Prevalence of cerebral microbleeds in Alzheimer’s disease, dementia with Lewy bodies and Parkinson’s disease dementia: a systematic review and meta-analysis

Cerebral microbleeds (CMB) are small, round, focal haemorrhages visible on T2*-weighted gradient-recalled echo (GRE) or susceptibility-weighted imaging (SWI) sequences on magnetic resonance imaging (MRI). Pathologically, CMB are commonly associated with small vessel arteriosclerosis (typically in the setting of hypertension) and/or cerebral amyloid angiopathy (CAA), and the location of CMB has been traditionally used to predict the underlying aetiology (Greenberg et al., 2009). In healthy older adults, the prevalence of CMB has been estimated to range between 5-15% and they have been shown to be associated with an increased risk of cognitive impairment and dementia (Akoudad et al., 2016, Charidimou et al., 2018, Koennecke, 2006, Romero et al., 2017). A previous meta-analysis of 15 MRI studies in 2016 reported that CMB were present in approximately 24% of people with AD, although the prevalence estimates were noted to be highly influenced by the MRI technique and field strength (Sepehry et al., 2016). Compared to AD, CMB have been relatively under-investigated in other neurodegenerative dementias, such as dementia with Lewy bodies (DLB) and Parkinson’s disease dementia (PDD). One previous study reported significantly higher frequency of CMB in DLB (45%) compared to PDD (26%) and healthy controls (17%), with a lobar predominance observed (Kim et al., 2015).
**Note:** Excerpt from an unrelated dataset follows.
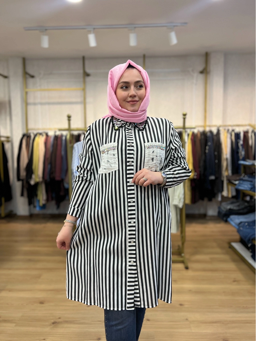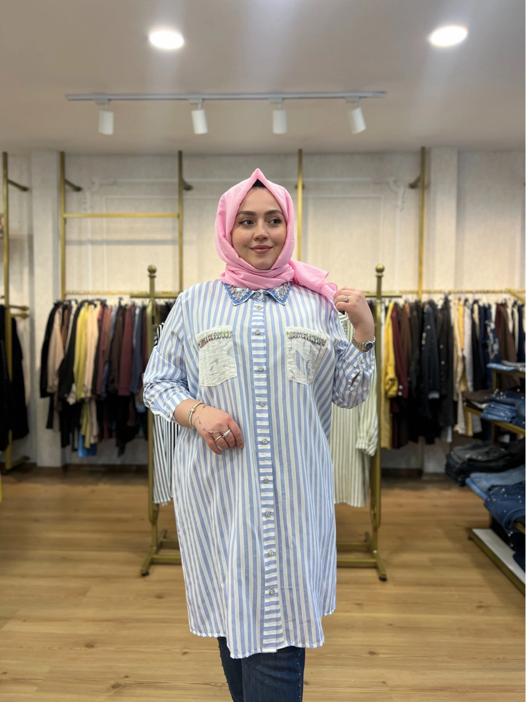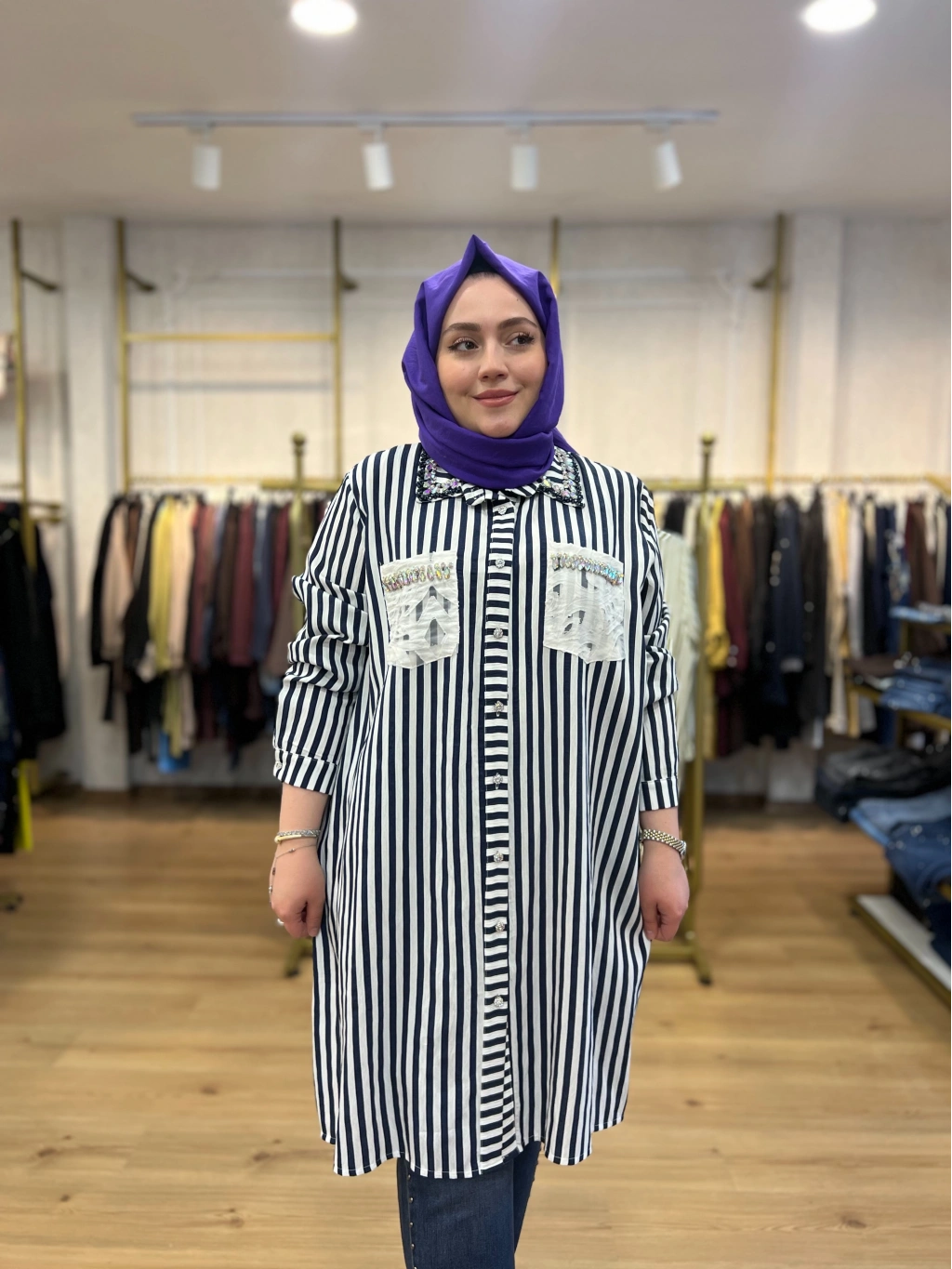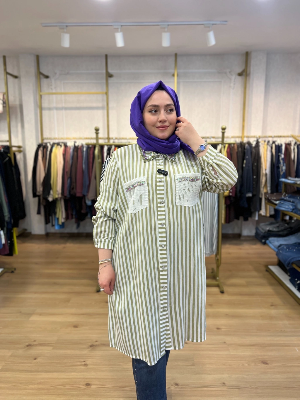 MEVA PLUS BY PUREVA Çizgili Taşlı Gömlek

The pathophysiology and clinical relevance of CMB in people with Lewy body dementias (DLB/PDD) remain to be elucidated.

In this study, we aimed to estimate the pooled prevalence of CMB across the three most common dementia diagnoses in older people, i.e. AD, DLB and PDD, using meta-analytic methods. The regional characteristics of CMB and associations with vascular risk factors and amyloid-β burden were also examined in these dementia subtypes.